Chołuj/Räther: Versöhnung - und was dann? Möglichkeiten und Grenzen des Kulturdialogs in den deutsch-polnischen Beziehungen

Entgegen aller offiziellen Rhetorik von guter Nachbarschaft, Schicksalsgemeinschaft oder gar Freundschaft ist das Verhältnis zwischen Deutschen und Polen weithin gekennzeichnet von gegenseitigen Ängsten, negativen Stereotypen und - besonders deutscherseits - einer Art aggressivem Desinteresse am östlichen Nachbarn. Lange schon wird versucht, durch die Inszenierung von kulturellen Dialogen Entfremdung zu überwinden und ein positives Klima der Offenheit zu schaffen.

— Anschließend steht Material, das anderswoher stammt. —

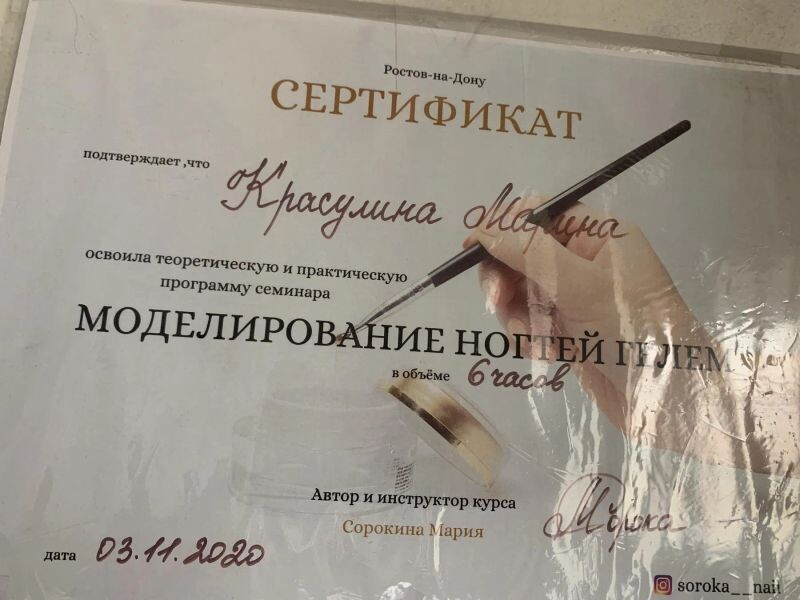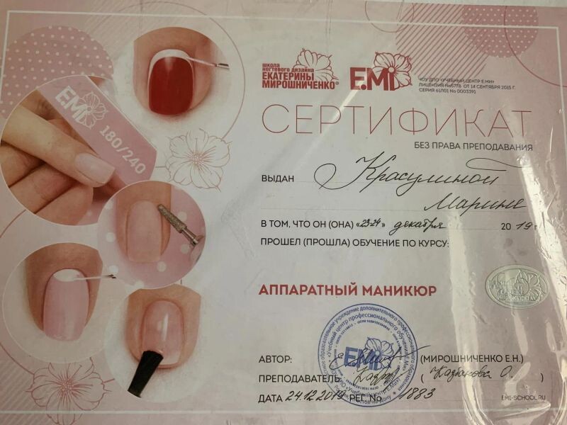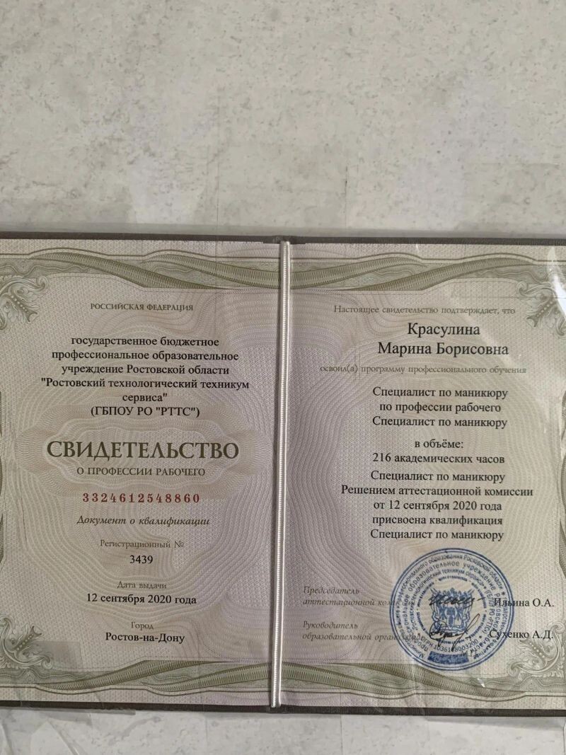 - Ростовский технологический колледж сервиса, специалист по маникюру, 2020 г.

Inwieweit aber ist es überhaupt möglich, Vorstellungen und Bilder vom Anderen bewußt und methodisch zu verändern? Im Seminar wollen wir die verschiedenen kulturellen und kulturpolitischen Initiativen der vergangenen Jahrzehnte analysieren, im Hinblick auf ihren Ansatz, ihre Zielgruppen und ihre intendierten und tatsächlich erreichten Effekte. Zu betrachten wären z. B. die Arbeit der Kulturinstitute und Begegnungsstätten, die Programme der in diesem Bereich tätigen Stiftungen und die gegenseitige mediale Präsenz beider Länder, besonders in den Bereichen Film und Literatur. Ebenfalls von Interesse können die kirchlichen Aktivitäten sein und warum nicht auch das Projekt Europa-Universität Viadrina.